Let’s be honest: There aren’t a lot of hot new takes on Joan Baez out there. In her six decades as one of America’s most badass bards, Baez has been pretty well documented. Not that the 77-year-old’s fitness routine isn’t fascinating (a lot of posture work, interestingly enough), and the Judas Priest-Joan Baez lovefest in the ol’ WaPo in August was great, but they are all variations on the same story: Baez is the best, and she’s bowing out. 

The materfamilias of modern folk is making her victory lap before retiring from touring, and every jaded keyboard jockey wants to get a word in, no matter how mundane or odd their take may be. On one hand, we should be paying attention — her latest album Whistle Down the Wind is an amazing epilogue to an amazing career. But on the other hand, if you’ve had any contact with the music press over the past 60 years, you already know that this pioneering woman is the greatest of all time. Her generation-spanning influence on American music and culture is so profound that it’s tough find a new angle. 

But what if you could play Whistle Down the Wind for someone who had no context, no clue as to the massive influence of this woman’s body of work? How would they react? I decided to sit down with my son Seamus, aka Big Shimmy, and gauge his reaction. He’s 11 weeks old, and he just discovered sound. He’s totally into rain, power tools, traffic (both the modern annoyance and the band) — all of it. And, yes, Aunt Susan, we only listen at safe volumes. He digs soul-jazz and ’90s hip-hop and Spike Jones. His first LP was Professor Longhair’s New Orleans (thanks, Aunt Kina). His favorite lullaby is “We Travel the Spaceways” by Sun Ra. He thinks People Only Die of Love in Movies, Steve Haruch’s collection of Jim Ridley’s film writing, is a book of bedtime stories. He’s a hip kid — he just doesn’t know anything yet. Total n00b, maybe a bit of a poser. His parents definitely pick out his clothes. Anyway, Big Shimmy doesn’t know a lot about folk music. He slept through Murray Lerner’s Festival a couple of weeks ago, but that’s about it.

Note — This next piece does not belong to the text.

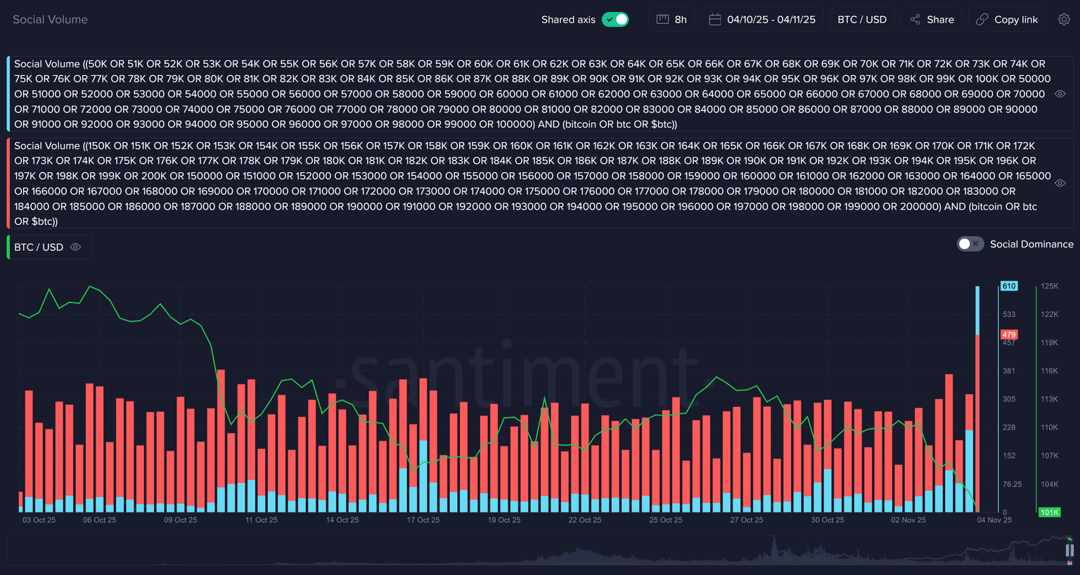 Now that Bitcoin has officially breached one of the zones on our highly popular 100K vs. 200K, some adjustments will need to be made in order to accurately measure when the crowd is getting greedy or fearful. Generally, when the crowd calls for prices well above BTC's price, it's a sign they are having too much FOMO and prices go down afterward. And when they call for price well below BTC's prices, it's a sign of FUD and prices go up afterward. We'll have some updates on the parameters of this chart soon, but take a look at what happened Tuesday in the blue "100K" mentions once it was clear that $100K had been breached:

I cue up Whistle Down the Wind. He is into it, I think. He’s a little offended every time I start to talk, he seems concerned every time I’m not staring at the speaker. Honestly, he’s got that level of serious-listening face you don’t often see outside the front rows of the Newport Folk Fest. His little fingers move like he knows how the guitar works, picking an imaginary string, maybe not keeping time but certainly responding to the stimuli sneaking into his ear hole. Today is Day 2 of Dude Time With Dad, an experiment in rock-critic-led child care. Mom is going back to work after three months’ maternity leave, and the Maloney Boys are practicing not burning the house down. As it stands, music is the best distraction from Dad’s inability to produce boob-juice.

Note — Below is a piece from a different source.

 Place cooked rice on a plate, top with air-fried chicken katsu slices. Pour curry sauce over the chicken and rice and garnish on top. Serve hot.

Looking for the Freshest Perspective on Folk Legend Joan Baez

It dawns on me: He might actually be hip to Baez already. We left him with Nana for a yoga date, and Nana had Baez tickets; maybe she already spilled the beans about the folk legend. Maybe he wasn’t asleep when we were watching Festival. The kid doesn’t have many voluntary reactions in his repertoire: smiling, crying, looking folk-fan serious. It’s instinctual, inelegant and rather easy to read — either “This is cool” or “What fucking horrors have you unleashed upon me, you evil warlock, with your fucking noise magick?” (Apparently he doesn’t enjoy Plastikman’s Sheet One. Doesn’t enjoy it at all.) He also makes a pretty solid “meh” noise if he’s not into a situation. He’s a loud pooper. We are exceptionally lucky. He is average as hell. 

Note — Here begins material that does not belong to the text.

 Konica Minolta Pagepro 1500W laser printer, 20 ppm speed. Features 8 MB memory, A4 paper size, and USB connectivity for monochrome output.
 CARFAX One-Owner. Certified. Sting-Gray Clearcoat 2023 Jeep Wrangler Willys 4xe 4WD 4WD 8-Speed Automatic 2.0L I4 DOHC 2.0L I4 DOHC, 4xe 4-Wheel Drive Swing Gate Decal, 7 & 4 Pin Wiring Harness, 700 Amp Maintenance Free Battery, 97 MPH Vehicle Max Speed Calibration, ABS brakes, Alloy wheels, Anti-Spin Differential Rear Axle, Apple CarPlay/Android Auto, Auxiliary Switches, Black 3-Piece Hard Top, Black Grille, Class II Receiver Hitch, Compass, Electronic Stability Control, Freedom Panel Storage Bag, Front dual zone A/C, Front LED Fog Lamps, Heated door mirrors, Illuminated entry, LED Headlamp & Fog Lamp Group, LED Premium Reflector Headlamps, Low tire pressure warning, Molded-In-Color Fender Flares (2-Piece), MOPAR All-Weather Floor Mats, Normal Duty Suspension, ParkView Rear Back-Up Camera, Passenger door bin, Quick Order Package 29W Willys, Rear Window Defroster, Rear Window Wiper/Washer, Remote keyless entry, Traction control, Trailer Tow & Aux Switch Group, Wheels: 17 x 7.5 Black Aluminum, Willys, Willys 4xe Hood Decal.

Watching his eyes look for the piano, the humming, the strumming of the things; watching his tiny eyebrows arch as things get serious on “Civil War,” watching the sense of relief as Baez hums the bridge of “The Things That We Are Made Of.” (Apparently civil war is such a heavy concept that it can even bum out a person with no real concept of language. And the “Things” bridge totally sounds like Nana, if you were wondering.) He loses his shit when “Silver Blade” gets going — clearly, he’s not a fan of even the most beautiful of murder ballads. But the shuffle-step and steel guitar of “The Great Correction”? That right there is what this boy wants to hear. (That could be a side effect of the 12-hour marathon of the Dead’s Dick’s Picks in the delivery room.)

By the time “I Wish the Wars Were All Over” is over, it’s pretty clear that the power and beauty of Joan Baez’s work connect with a listener, regardless of age, experience or the ability to hold one’s head up for more than a split second.